- [Task details] Retype every line from the start of the data down to and including the line with "Am Sonntag, dem". Skip the pictures.

(Saved entries)
--------------------------------

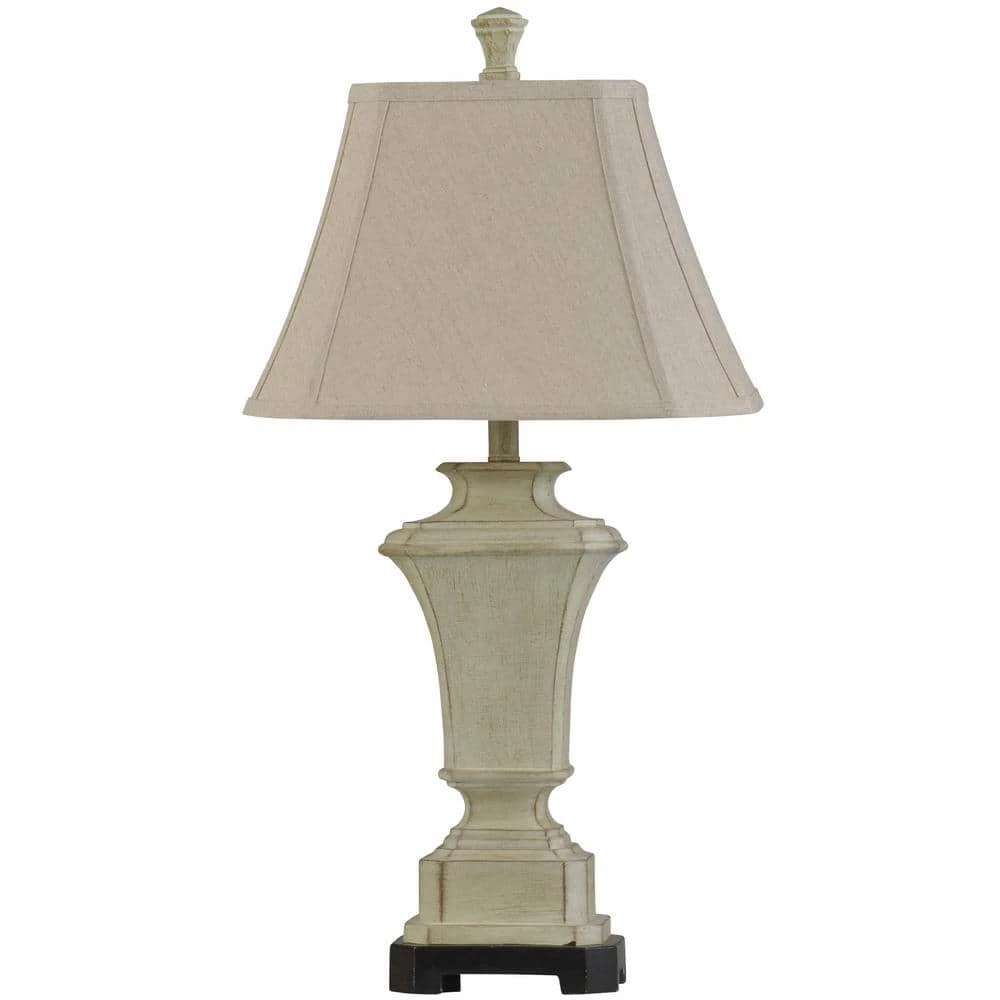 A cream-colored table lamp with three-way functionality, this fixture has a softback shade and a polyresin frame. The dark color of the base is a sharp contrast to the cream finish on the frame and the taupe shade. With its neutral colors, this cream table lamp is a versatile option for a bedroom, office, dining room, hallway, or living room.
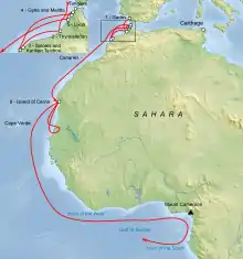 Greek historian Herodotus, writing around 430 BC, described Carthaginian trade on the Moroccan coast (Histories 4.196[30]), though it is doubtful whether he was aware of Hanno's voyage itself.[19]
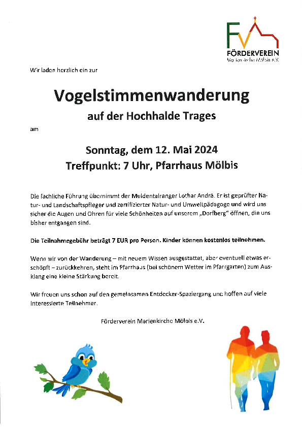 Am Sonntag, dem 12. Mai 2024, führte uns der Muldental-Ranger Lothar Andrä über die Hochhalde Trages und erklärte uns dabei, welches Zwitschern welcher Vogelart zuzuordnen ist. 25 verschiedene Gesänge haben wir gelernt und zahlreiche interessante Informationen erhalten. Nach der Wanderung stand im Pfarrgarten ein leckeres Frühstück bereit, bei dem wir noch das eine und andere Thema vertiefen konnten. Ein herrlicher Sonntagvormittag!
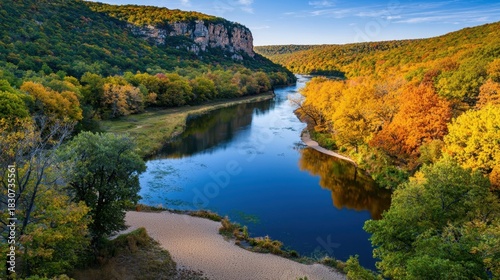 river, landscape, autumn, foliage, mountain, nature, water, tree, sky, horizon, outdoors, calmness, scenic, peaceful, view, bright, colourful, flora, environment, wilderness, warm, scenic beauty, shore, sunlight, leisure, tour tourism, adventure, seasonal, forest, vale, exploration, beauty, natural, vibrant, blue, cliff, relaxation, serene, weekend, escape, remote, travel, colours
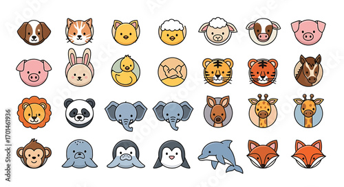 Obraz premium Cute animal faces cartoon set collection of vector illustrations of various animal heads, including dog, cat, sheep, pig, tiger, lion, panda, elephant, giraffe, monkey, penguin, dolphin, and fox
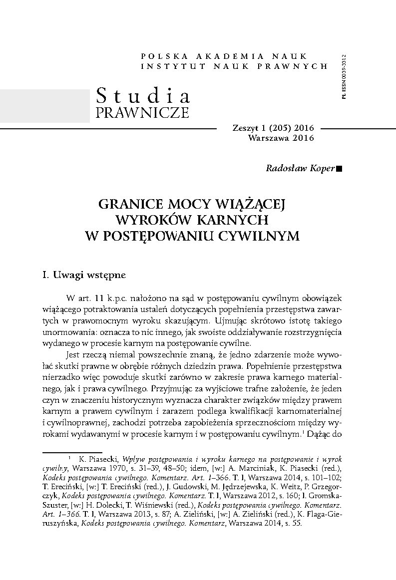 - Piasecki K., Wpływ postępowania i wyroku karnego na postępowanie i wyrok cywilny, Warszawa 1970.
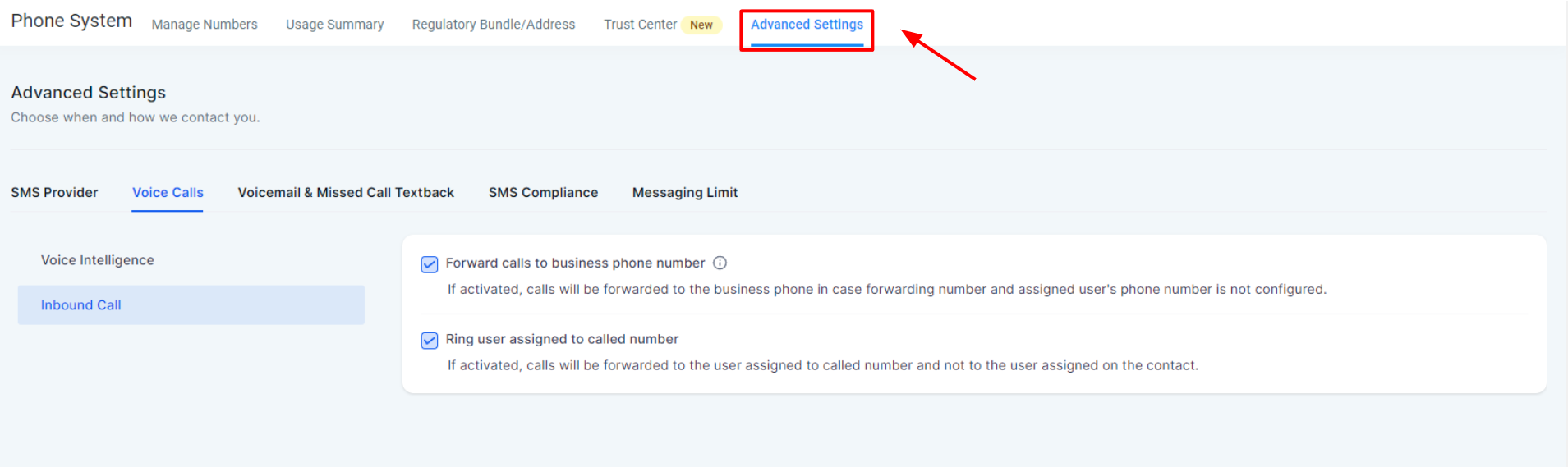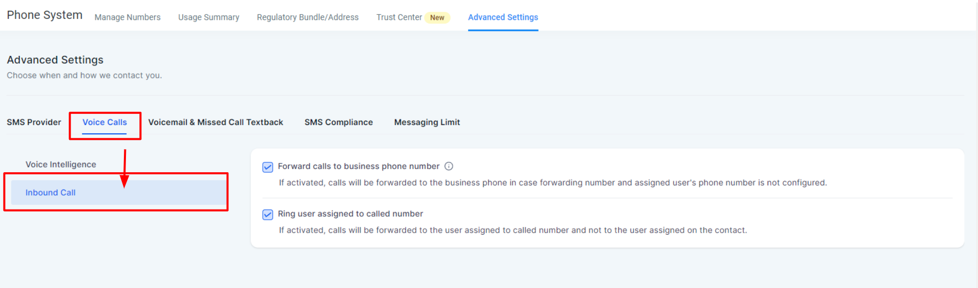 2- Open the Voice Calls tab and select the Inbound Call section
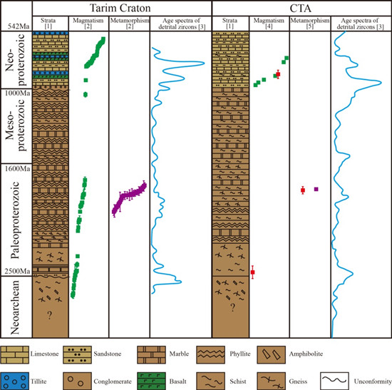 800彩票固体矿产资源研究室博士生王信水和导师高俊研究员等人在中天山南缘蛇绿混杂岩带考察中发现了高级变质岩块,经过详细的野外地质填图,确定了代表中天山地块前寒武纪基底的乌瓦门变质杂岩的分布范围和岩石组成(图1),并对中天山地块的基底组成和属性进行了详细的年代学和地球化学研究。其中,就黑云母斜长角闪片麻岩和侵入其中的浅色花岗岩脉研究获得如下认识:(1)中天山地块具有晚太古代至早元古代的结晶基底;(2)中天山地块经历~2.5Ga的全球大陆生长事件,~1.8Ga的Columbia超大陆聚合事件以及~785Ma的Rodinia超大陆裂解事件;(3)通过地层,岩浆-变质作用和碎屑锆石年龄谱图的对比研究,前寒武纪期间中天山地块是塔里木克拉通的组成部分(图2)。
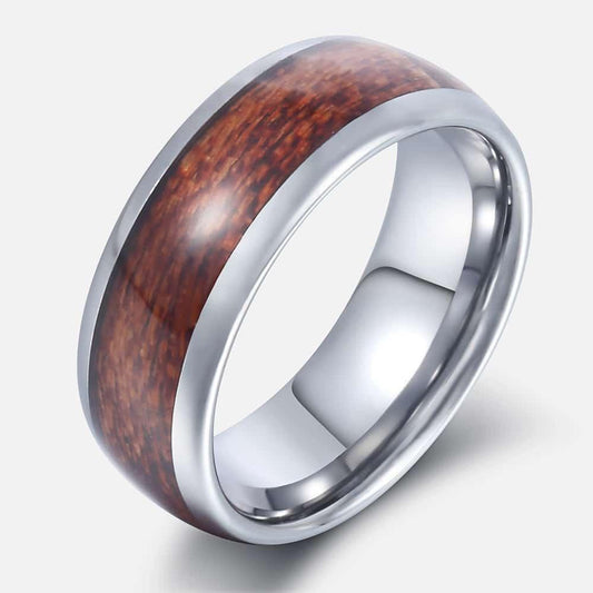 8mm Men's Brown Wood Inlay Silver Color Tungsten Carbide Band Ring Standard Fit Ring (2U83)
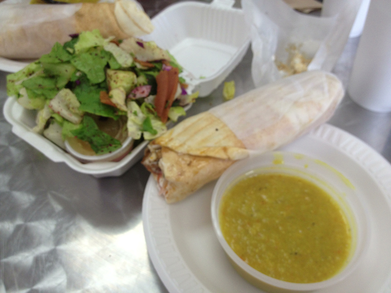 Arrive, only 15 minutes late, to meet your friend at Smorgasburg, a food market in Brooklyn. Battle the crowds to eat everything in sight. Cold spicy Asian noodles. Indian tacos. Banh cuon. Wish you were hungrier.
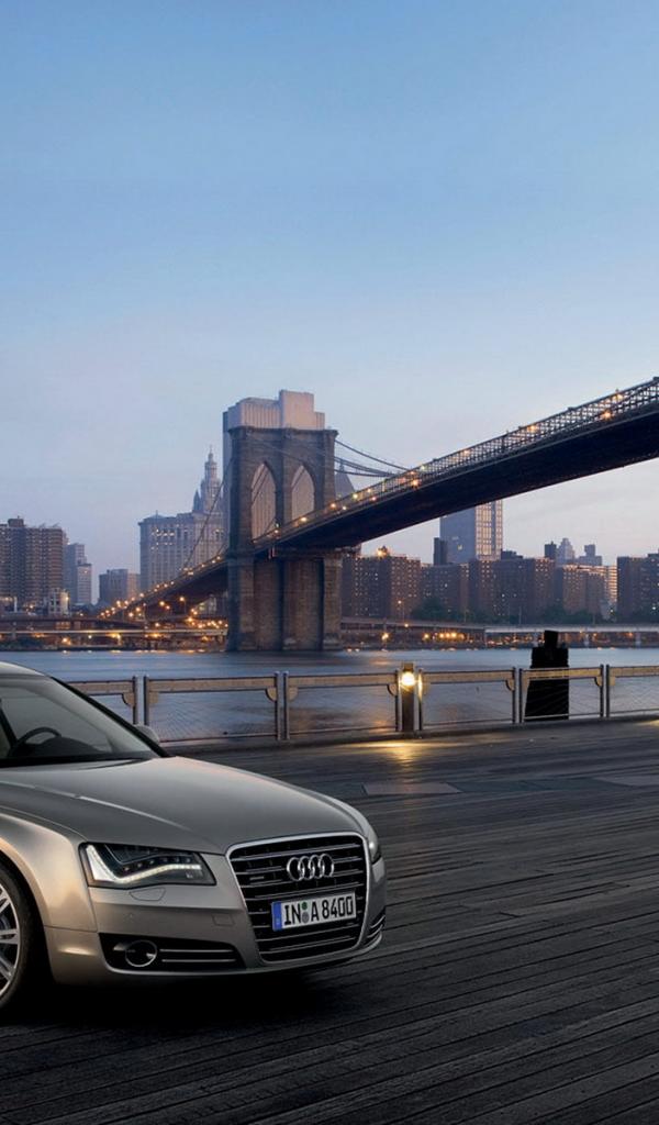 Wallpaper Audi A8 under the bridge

--------------------------------

- [Exercise response]
 A cream-colored table lamp with three-way functionality, this fixture has a softback shade and a polyresin frame. The dark color of the base is a sharp contrast to the cream finish on the frame and the taupe shade. With its neutral colors, this cream table lamp is a versatile option for a bedroom, office, dining room, hallway, or living room.
 Greek historian Herodotus, writing around 430 BC, described Carthaginian trade on the Moroccan coast (Histories 4.196[30]), though it is doubtful whether he was aware of Hanno's voyage itself.[19]
 Am Sonntag, dem 12. Mai 2024, führte uns der Muldental-Ranger Lothar Andrä über die Hochhalde Trages und erklärte uns dabei, welches Zwitschern welcher Vogelart zuzuordnen ist. 25 verschiedene Gesänge haben wir gelernt und zahlreiche interessante Informationen erhalten. Nach der Wanderung stand im Pfarrgarten ein leckeres Frühstück bereit, bei dem wir noch das eine und andere Thema vertiefen konnten. Ein herrlicher Sonntagvormittag!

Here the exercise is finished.